Wednesday, July 22, 2015

516 - Role of magnesium adenosine 5'-triphosphate in the hydrogen evolution reaction catalyzed by nitrogenase from Azotobacter vinelandii

Nitrogenase evolves hydrogen in a reaction that depends on ATP. The amount of ATP varies from 2 ATP per electron to over 20 (supposedly). The 4Fe-4S cluster in the dinitrogenase reductase donates one electron to the dinitrogenase, binding 2 ATP to do so. It seems like the ATP-powered flow of electrons can determine how many go toward hydrogen and how many toward nitrogen fixation. This study wanted to see if powering this flux was ATP's only role.

What They Saw
They purified enzyme from Azotobacter vinelandii and separated the two components, then mixed them with MgATP in in vitro assays.

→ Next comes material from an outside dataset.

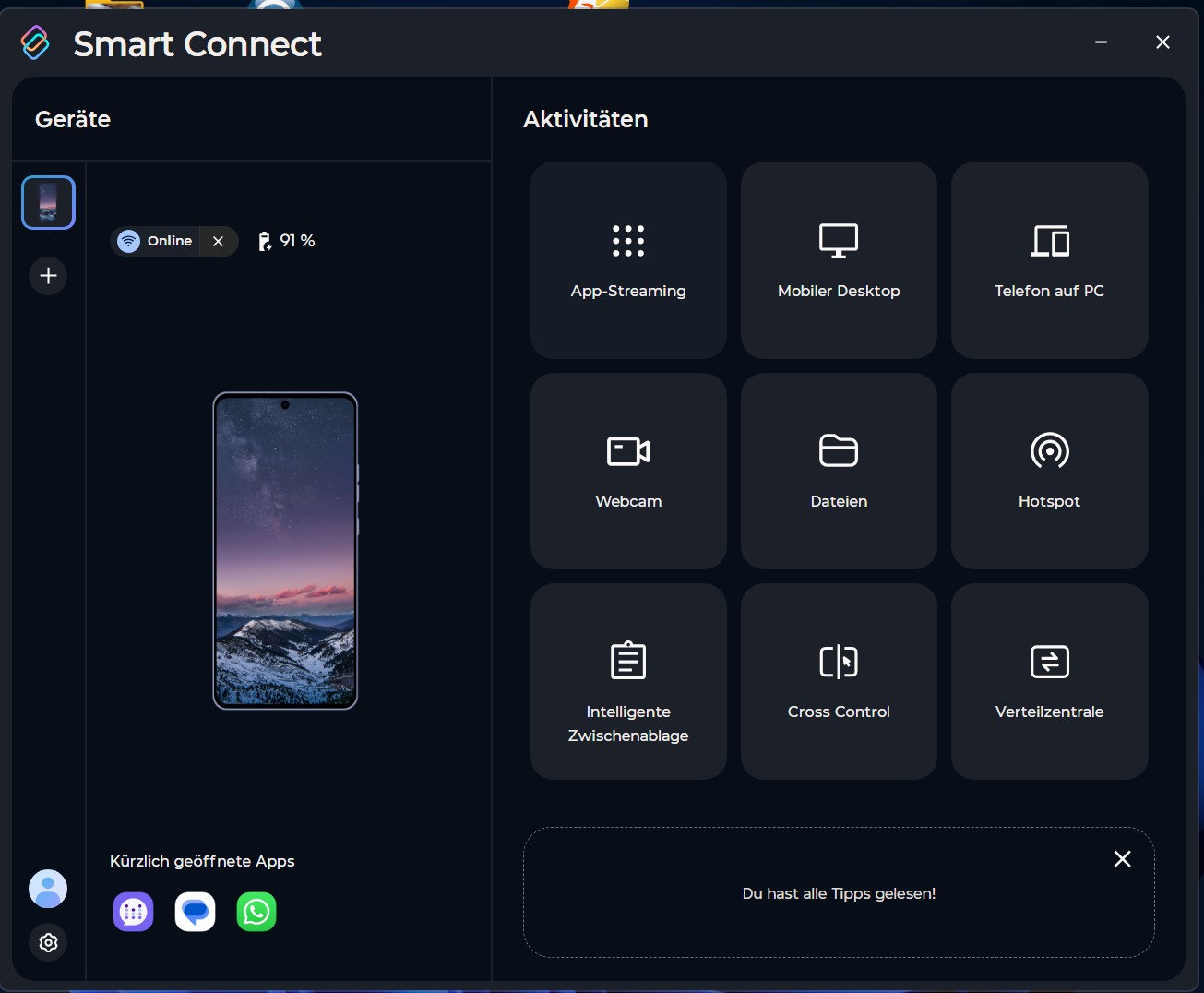 Mit Smart Connect hat man viele Zusatzfunktionen. Vom virtuellen Desktop, über App Streaming, bis hin zur Ablage via WLAN oder Kabel. Auch Cross Control gibt es, wo man bei verbundenem Smartphone Maus und Tastatur nahtlos vom PC rüberschieben und dann auf dem Smartphone nutzen kann - ohne zusätzliche Koppelung. Das Phone als Webcam nutzen geht natürlich auch und über eine Verteilzentrale kann man per Drag & Drop Dateien aufs Phone schieben und umgekehrt.
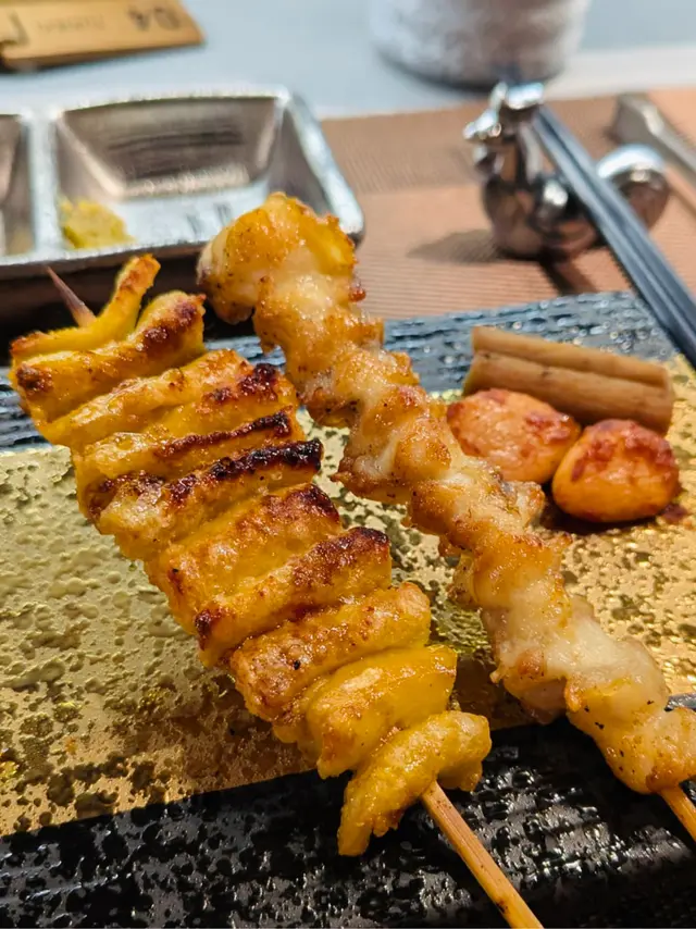 專注用雞嘅唔同部位製作串燒,仲結合咗酒吧元素,環境相當闊落,燈光柔和,氣氛舒適,無論同朋友聚會定係約會都啱晒。餐廳主打係慢工出細貨,將雞嘅美味發揮到極致,值得一試。慢煮松露雞卷肉質鮮嫩,松露嘅香氣滲透到每一口,真係回味無窮。雞肝茶碗蒸成個碗底鋪滿咗滑溜濃郁嘅雞肝,配埋嫩滑嘅蒸蛋,口感豐富。稀有部位串燒雞軟骨燒得香脆,咬落仲有啲微微嘅煙燻香氣;雞腎內裏滑嫩,味道濃郁,帶少少獨特嘅鮮甜;至於雞腳筋就彈牙爽口,咬落嚟特別有嚼勁,完全係口感控嘅天堂。嚴選部位串燒雞翼皮脆肉嫩,啖啖都充滿肉汁;大葱雞肉串燒結合咗大葱嘅微甜同雞肉嘅鮮香,兩者味道互相平衡,唔會過於油膩;而雞皮就係燒鳥經典,外皮燒到微焦香脆,油脂豐富但又唔會太膩,香氣十足,非常滿足。素菜串燒秋葵串燒同青椒串燒煙燻香氣配上蔬菜嘅自然甜味,令人一試愛上。慢煮三黃雞白湯湯底超級濃郁香甜,充滿雞嘅鮮味,飲落勁暖胃!!!雞蛋蓋飯用上滑溜嘅溫泉蛋鋪喺飯上,再加上自家製醬汁,簡單但好出色。香蕉雪糕配抹茶蛋糕雪糕香甜細膩,配埋濃郁嘅抹茶味蛋糕作結尾,完美劃上句號。整體嚟講,鳥駅真係一間好值得再訪嘅燒鳥店,無論係食物質素定係用餐氣氛都一流!…Read More

They observed that there was a burst of rapid ATP hydrolysis at first, which leveled off and remained fairly constant for the rest of the time. It seemed like the rate was the same as the rate of electron transfer between components. They confirmed the rate of about 2 ATP per electron; this makes sense with the dinitrogenase accepting two electrons at a time, one for each of its molybdenum atoms. The rate depended on the concentration of ATP, which makes sense and indicates that ATP is essential. This is also true when measuring the amount of hydrogen produced.

What This Means
They appeared to succeed in their goal of showing that ATP's only role in this reaction was powering the electron transfer, though some ATP can be used up to no purpose in some conditions.

Reference:
Hageman, R. V., Orme-Johnson, W. H. & Burris, R. H. Role of magnesium adenosine 5’-triphosphate in the hydrogen evolution reaction catalyzed by nitrogenase from Azotobacter vinelandii. Biochemistry 19, 2333–2342 (1980).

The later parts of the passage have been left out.